Quebec points to COVID-19 vaccine maker’s rules as reason for slower than planned rollout


The plan was to burst out of the starting gate, but Quebec’s vaccination plan has resembled more of a leisurely canter so far.

The province will miss its target of 56,000 vaccinations for COVID-19 by Jan. 1 but the government says there’s a good reason for that: it is abiding by the manufacturer’s requirement to hold back the second of a two-dose treatment.

As of Tuesday, the province had inoculated 22,500 people and had enough serum left to hit 27,000 by week’s end. Quebec has said it hopes to inoculate 675,000 by April 1 but, based on the vaccinations to date, it will need to step up the pace considerably to get there.

“Just so everybody understands clearly … we’ve received 55,000 doses to this point. Of those 55,000, there are 27,000 that must be held back. It’s one of Pfizer’s requirements,” Health Minister Christian Dubé told a news conference Tuesday.

Pfizer Canada’s director of corporate affairs, Christina Antoniou, said in an email “this was indeed our recommendation … we consider it to be a safe approach for the points of use to continue storing a portion of the doses received, to ensure no delay in the second dose deployment.”

The main reasoning was to employ a cautious approach as production ramps up. But Antoniou added “it is the responsibility of the provinces to determine how they will administer their immunization program.”

Other provinces — including Ontario, British Columbia, Saskatchewan and Nova Scotia — have decided to use the reserve doses immediately so as to reach a larger portion of their population.

The first shipments of Moderna’s COVID-19 vaccine arrived in Canada on Dec. 24. (Canada Border Services Agency)

More shipments of the Pfizer-BioNTech vaccine are due to arrive in Quebec on Jan. 4 and Jan. 11. The province is also slated to receive the first shipments of the Moderna vaccine, which also involves an initial dose and a booster, this week.

Dubé said Quebec is studying the possibility of using its supply of the Pfizer-BioNTech vaccine more widely and expects to have Pfizer’s assent to do so soon, saying “it’s a matter of a week or two.” 

On Wednesday, Dubé’s department added a nuance, saying that because Pfizer is only confirming deliveries two weeks ahead of time “we have made the choice to conserve the second dose in order to ensure we are abiding by the [vaccination] intervals prescribed by the company.”

Arruda, for his part, said his department has been examining clinical data to establish whether the immunity from a single dose of the vaccine, which various studies indicate is roughly 50 per cent after seven days, confers enough of a benefit to skirt the two-dose requirement.
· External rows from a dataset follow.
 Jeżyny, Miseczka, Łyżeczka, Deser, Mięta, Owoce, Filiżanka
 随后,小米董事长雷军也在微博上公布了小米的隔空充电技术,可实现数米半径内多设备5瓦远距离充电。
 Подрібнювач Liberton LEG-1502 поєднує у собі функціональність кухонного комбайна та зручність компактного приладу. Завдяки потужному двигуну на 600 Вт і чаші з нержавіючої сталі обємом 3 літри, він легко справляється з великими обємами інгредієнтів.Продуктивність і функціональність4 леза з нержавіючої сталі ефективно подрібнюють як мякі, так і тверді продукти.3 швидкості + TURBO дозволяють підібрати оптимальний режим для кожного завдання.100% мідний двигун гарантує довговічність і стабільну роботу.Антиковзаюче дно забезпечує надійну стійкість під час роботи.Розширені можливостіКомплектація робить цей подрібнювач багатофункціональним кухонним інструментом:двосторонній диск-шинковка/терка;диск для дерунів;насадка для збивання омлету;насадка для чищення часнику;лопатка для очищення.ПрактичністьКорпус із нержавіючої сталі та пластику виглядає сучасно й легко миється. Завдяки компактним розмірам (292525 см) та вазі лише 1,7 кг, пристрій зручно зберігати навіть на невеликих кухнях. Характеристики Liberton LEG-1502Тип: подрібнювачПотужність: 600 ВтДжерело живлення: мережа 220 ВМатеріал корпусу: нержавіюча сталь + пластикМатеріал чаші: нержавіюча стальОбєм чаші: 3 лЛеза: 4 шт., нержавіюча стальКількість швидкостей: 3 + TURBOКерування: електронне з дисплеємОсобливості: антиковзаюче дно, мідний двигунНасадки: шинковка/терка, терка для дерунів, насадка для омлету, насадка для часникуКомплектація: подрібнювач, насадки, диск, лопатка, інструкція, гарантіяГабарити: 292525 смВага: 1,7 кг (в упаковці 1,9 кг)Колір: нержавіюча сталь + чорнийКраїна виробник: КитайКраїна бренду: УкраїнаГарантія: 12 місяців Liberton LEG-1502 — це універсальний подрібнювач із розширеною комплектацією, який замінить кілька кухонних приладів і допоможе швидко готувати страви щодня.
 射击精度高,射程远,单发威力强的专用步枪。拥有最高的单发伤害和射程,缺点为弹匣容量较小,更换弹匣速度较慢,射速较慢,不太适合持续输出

“From the very beginning, we’ve been evaluating the possibility of using all our vaccine to protect the maximum number of people … we will not use what I would call a modified calendar if the data aren’t sufficient,” he said.
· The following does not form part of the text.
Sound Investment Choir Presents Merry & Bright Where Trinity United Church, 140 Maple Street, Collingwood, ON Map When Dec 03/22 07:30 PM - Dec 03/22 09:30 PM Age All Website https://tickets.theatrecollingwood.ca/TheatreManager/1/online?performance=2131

A recent University of Toronto study, obtained in draft form by CBC News, concludes that using single doses more widely rather than following the current Pfizer protocol of two doses within 21 days could inhibit new symptomatic infections by 34 to 42 per cent.

“If we could get more vaccines in the arms of long-term care residents and long-term care workers, this could potentially avert a lot of the potential infections in the coming weeks,” said Ashleigh Tuite, an infectious disease epidemiologist and mathematical modeller at the university’s Dalla Lana School of Public Health.

Though the vaccination campaign in Quebec is unfolding more ponderously than the government predicted, that doesn’t mean it’s going poorly, according to an epidemiologist at the Institut national de santé publique du Québec (INSPQ).

“Right now, the biggest problem is supply,” said Dr. Gaston De Serres. “When we do have the doses, the administration of them is going fairly smoothly.”

It’s not like this is Quebec’s first mass vaccination campaign. In 2009, the province was able to vaccinate 4.5 million people against the H1N1 avian influenza in the space of six weeks, De Serres said.

“In the first two weeks, supply was slow,” he added. “We have the capacity to vaccinate 800,000 a week if there’s enough supply.”